А вот другой «пример». Умерло духовное лицо. Немного спустя покойник является с того света своему другу (как они и договаривались) и рассказывает ему, что в тот самый день, когда он скончался и оказался на том свете, произошел Страшный суд. Приятель возражает: «Ты же начитанный человек, неужели ты мог вообразить подобное?» Каков ответ выходца из загробного мира? «Мало помогла мне вся моя ученость…» Поразительный ответ! Церковь учила о Страшном суде «в конце времен», а личный потусторонний опыт того, кто туда попал, свидетельствует о противоположном, и самое любопытное то, что автор «примера» не занимает какой-либо окончательной позиции; ему не ясно, кто прав в этом споре, который на момент обнажил одну из коренных дихотомий средневекового религиозного сознания14.

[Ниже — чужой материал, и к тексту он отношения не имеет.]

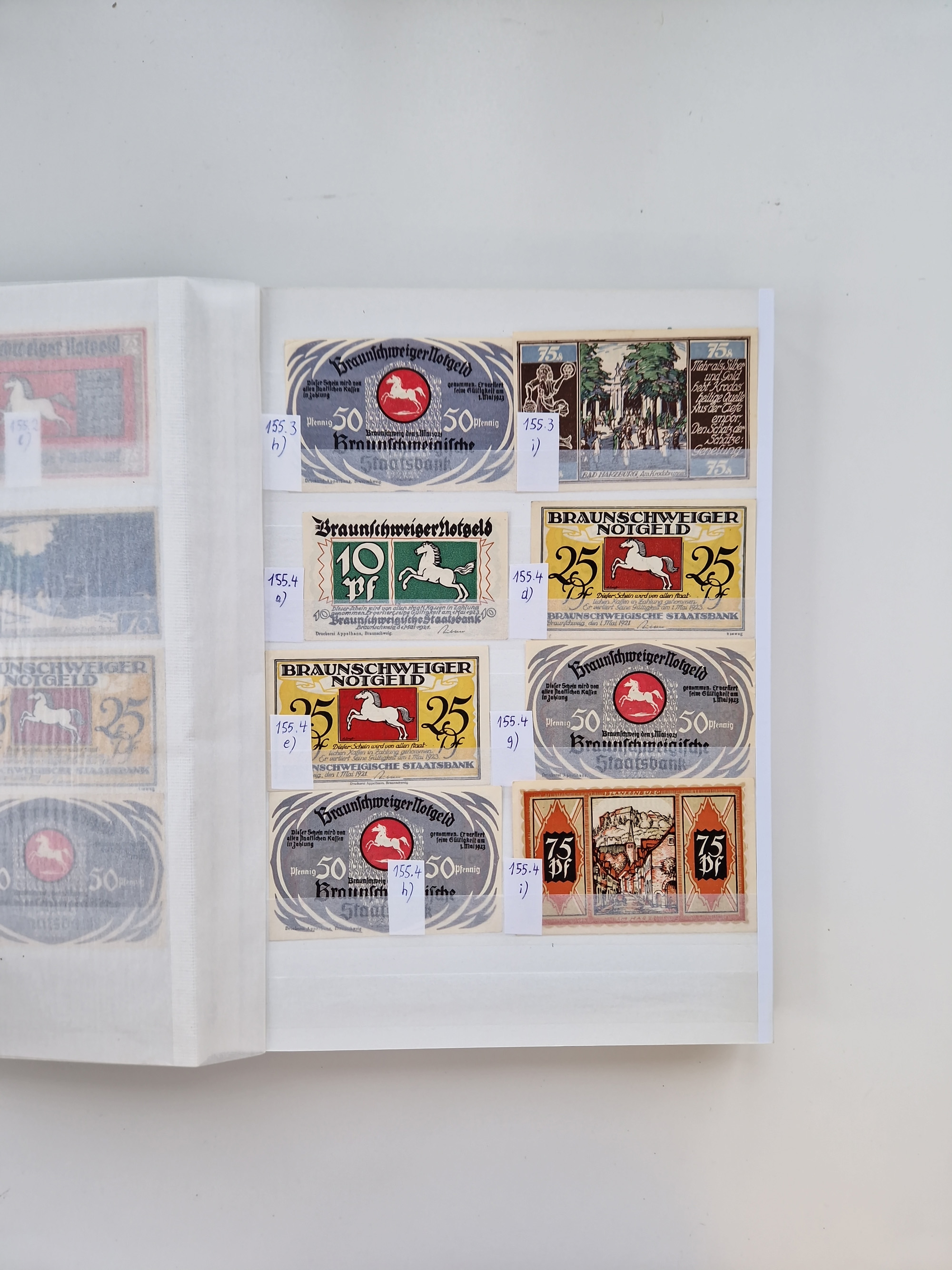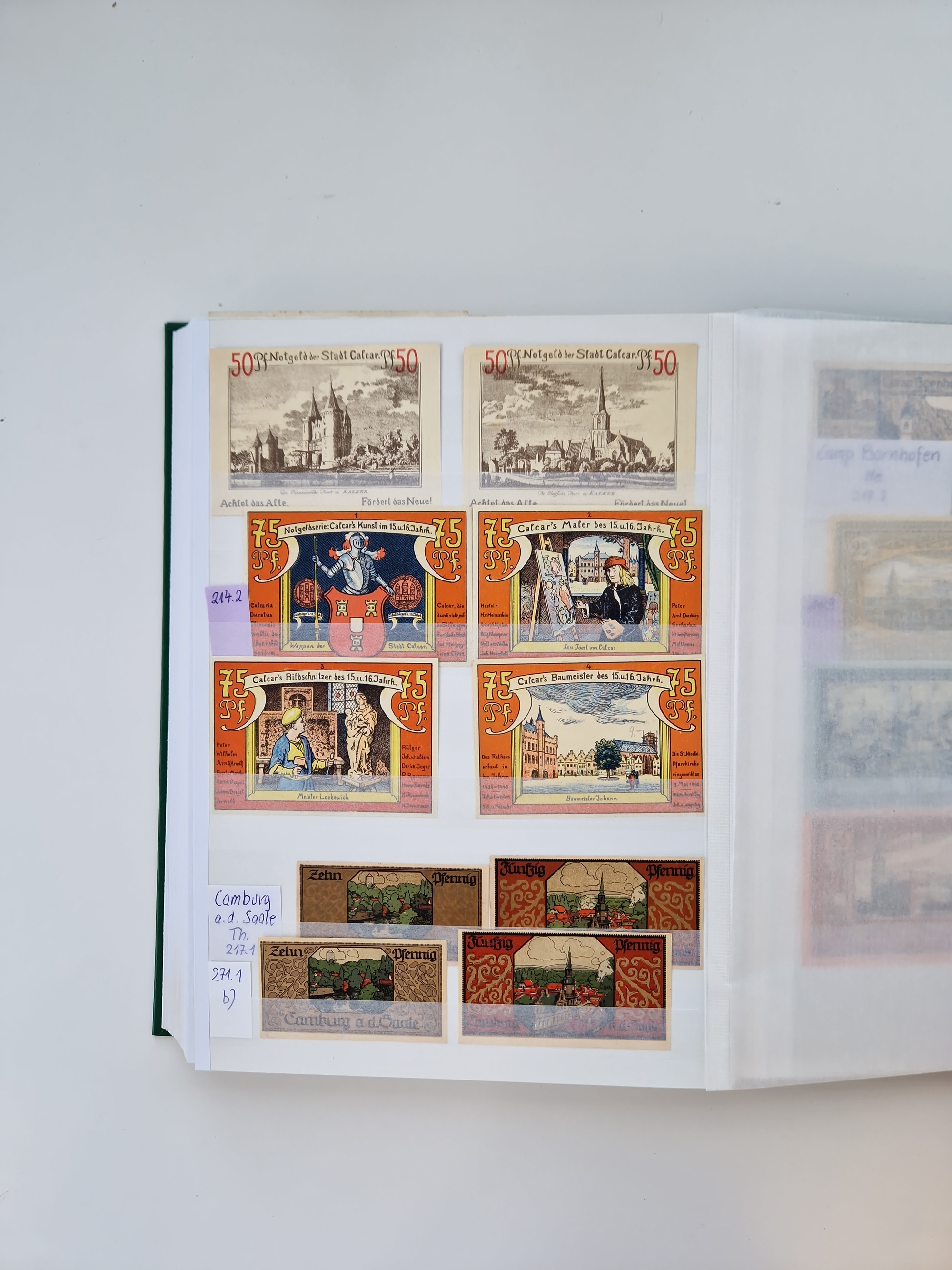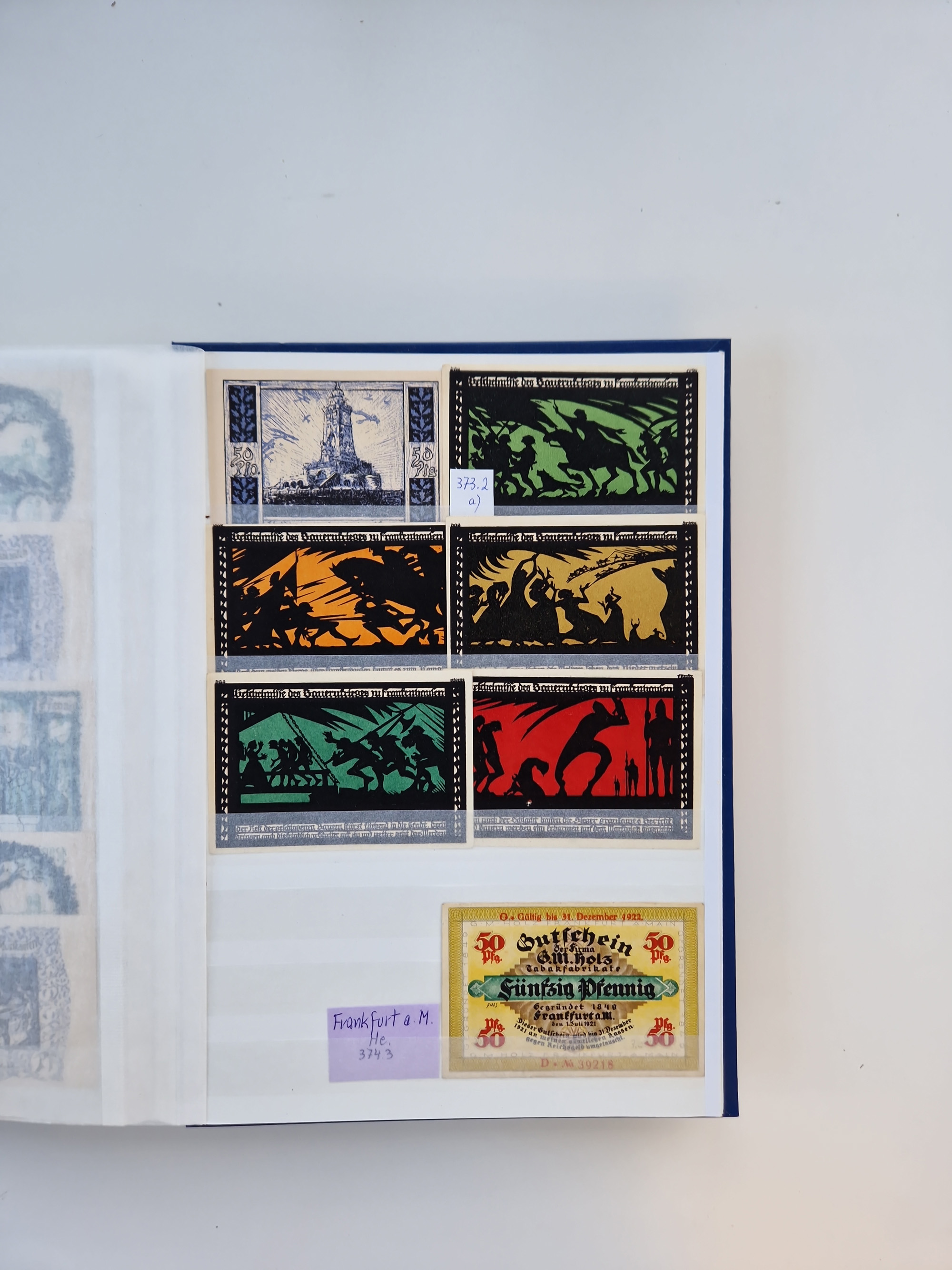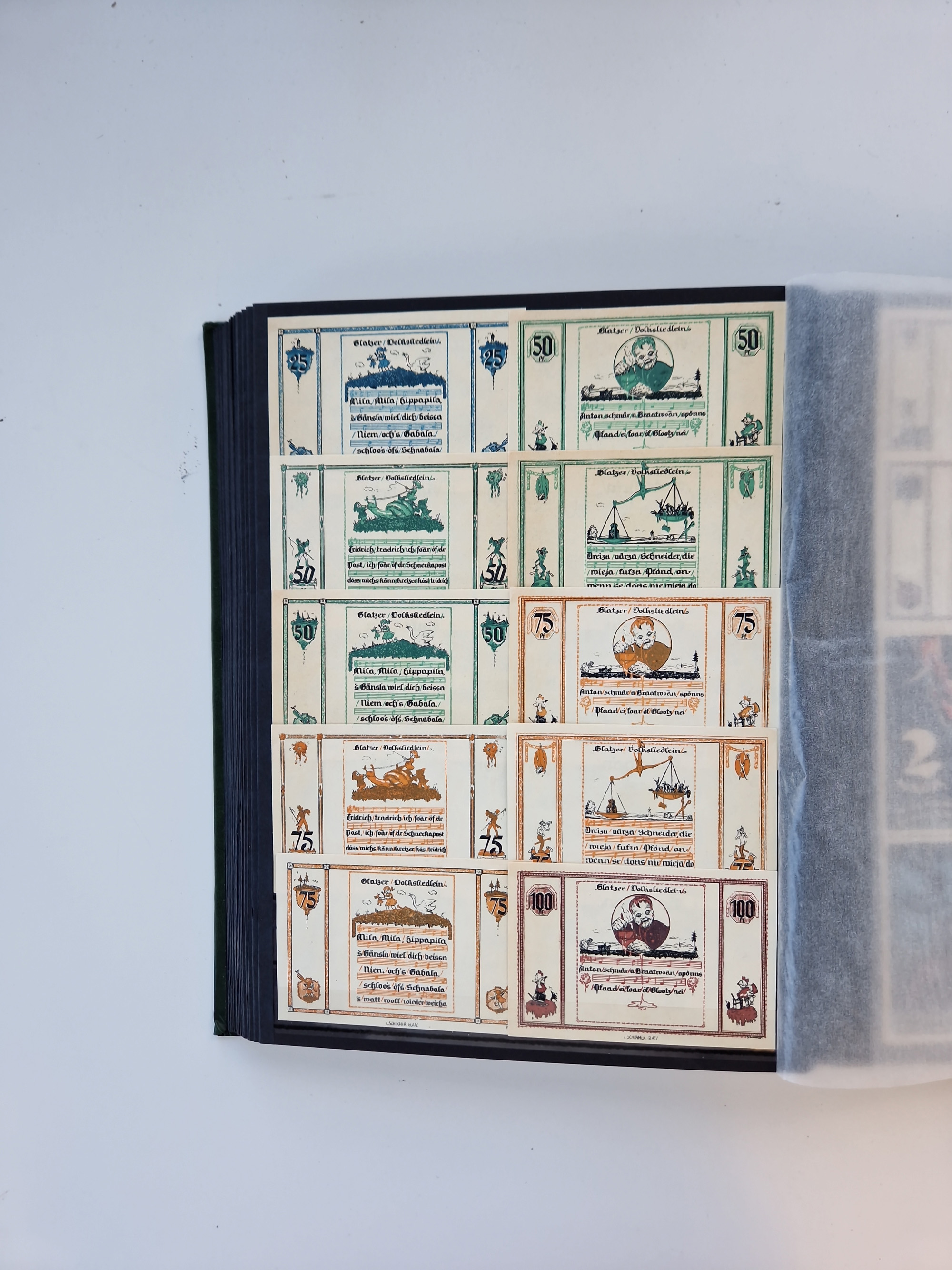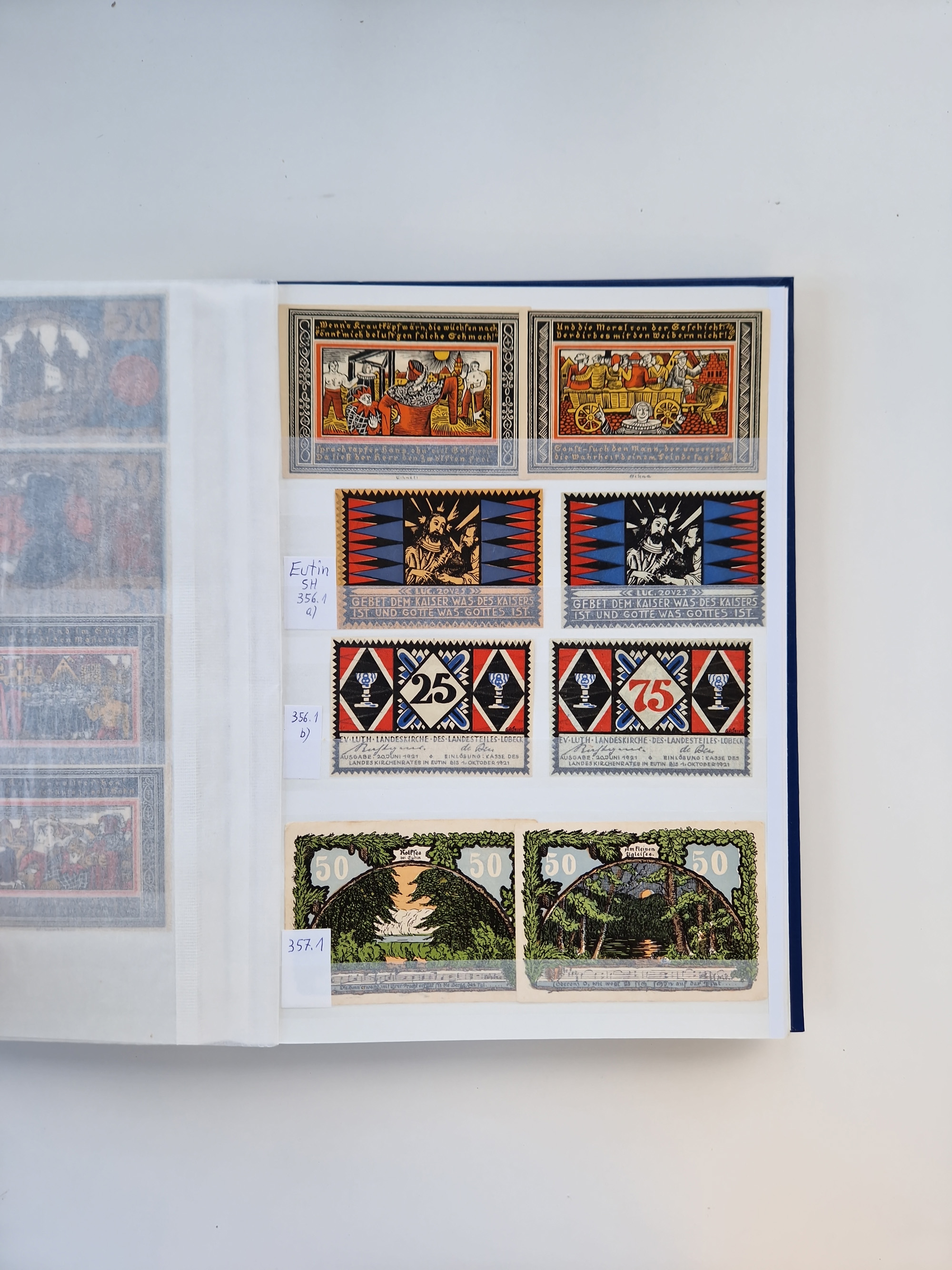 Notgeld-Serienscheine, saubere Sammlung in 16 meist dicken Steckalben, sauber nach Orten und Serien sortiert, überschlägig etwa 7/8000 Stück, dazu 4 Kataloge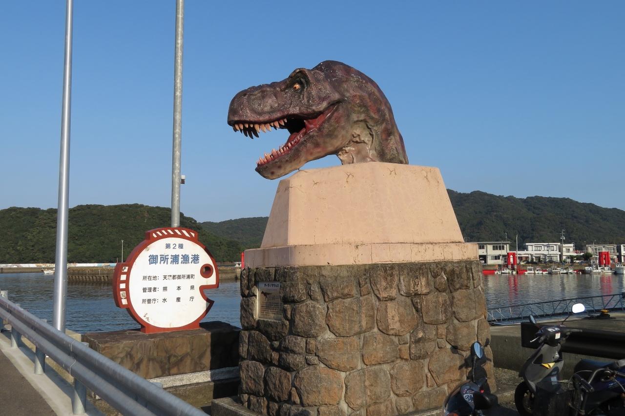 旅の出発地・御所浦港に行くと、ティラノサウルスがお見送り。 -

Образы обоих судов, посмертного, над отдельной душой, и всеобщего, после Второго пришествия, интерферируют в одном сознании. Как мы могли убедиться, согласно официальной теологии, до Страшного суда завершенная биография индивида еще немыслима и личность не представляет собой целостности ни во временной протяженности, ни по существу. Следовательно, невозможно дать и ее окончательной оценки. Эта оценка вообще дается не людьми, а Высшим Судией. Но одновременно в средневековом сознании сквозила иная идея: приговор выносится в самый момент смерти человека, и тем самым биография завершается.
Налицо противоречие. Но религиозное сознание не страшится противоречий. Оно причудливо совмещает обе эсхатологии, и одна как бы просвечивает сквозь другую. В контексте проблемы личности важно подчеркнуть следующее. Человек поставлен в ситуацию, в которой его биография переплетается со всемирно-историческим процессом, переживаемым символически как история спасения. При посредстве церкви и литургии индивид ощущает свою личную причастность к этой истории, ибо каждая человеческая особь занимает в ней свое место, сколь оно ни ничтожно. На этом пересечении биографии с историей и делается возможной и даже неизбежной та контаминация «малой» и «великой» эсхатологии, которая одновременно и акцентирует значение человеческой личности, и включает ее в поток исторического времени. Это во-первых.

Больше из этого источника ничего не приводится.